To determine the involvement of mesenchymal progenitor cells in the induction of collagen-induced arthritis (CIA).
To determine the involvement of mesenchymal progenitor cells in the induction of collagen-induced arthritis (CIA).
DBA/1 mice were immunized with type II collagen in adjuvant or adjuvant alone, and the presence of mesenchymal cells in the joints of prearthritic mice was studied by immunohistochemistry.
An analysis of the joints on day 10 postimmunization (at least 10 days before the onset of arthritis) revealed synovial hyperplasia without leukocytic infiltration. Large, round cells expressing bone morphogenetic protein receptors (BMPRs), which serve as markers for primitive mesenchymal cells, were present in increased numbers in the bone marrow adjacent to the joint, in the synovium itself, and within enlarged bone canals that connect the bone marrow to the synovium. Similar changes were observed in mice given adjuvant without collagen. Adjuvant-induced infiltration of BMPR+ cells and enlargement of bone canals were abrogated by anti-tumor necrosis factor (anti-TNF) treatment and were absent in TNFR p55/p75−/− mice. Increased numbers of bone marrow cells and enlarged bone canals were observed in nonimmunized TNF transgenic mice (which spontaneously develop arthritis).
These findings suggest that in CIA, there is an antigen-independent (innate) prearthritic phase that prepares the joint for the subsequent immune-mediated arthritis. The induction phase involves marrow-derived mesenchymal cells and requires the presence of TNF.

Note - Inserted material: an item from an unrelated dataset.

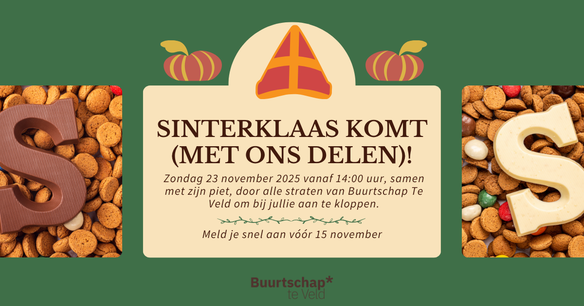 Op zondag 23 november 2025 loopt Sinterklaas vanaf 14:00 uur, samen met zijn piet, door alle straten van Buurtschap Te Veld om bij jullie aan te kloppen. Alle kinderen en kleinkinderen uit de buurt kunnen zich hiervoor aanmelden. Willen jullie dat Sinterklaas bij jullie een cadeautje brengt?

Rheumatoid arthritis (RA) is characterized by chronic inflammation of the synovial tissues and destruction of bone and cartilage, resulting in loss of joint function. Although much of the pathology of RA can be attributed to cells of the immune system, it is also possible that nonhematopoietic cells play a role in the initiation and/or perpetuation of the disease. For example, we have previously documented the presence of mesenchymal progenitor cells (MPCs) bearing receptors for bone morphogenetic proteins (BMPs) in the synovial membrane and synovial fluid of RA patients (1), although the pathophysiologic relevance of these cells is unclear. MPCs operate under the influence of BMPs, a group of 20 dimeric proteins belonging to the transforming growth factor β superfamily (2, 3). BMPs direct the differentiation of MPCs into osteoblasts, chondrocytes, and adipocytes and are endogenous regulators of skeletal development (3–5).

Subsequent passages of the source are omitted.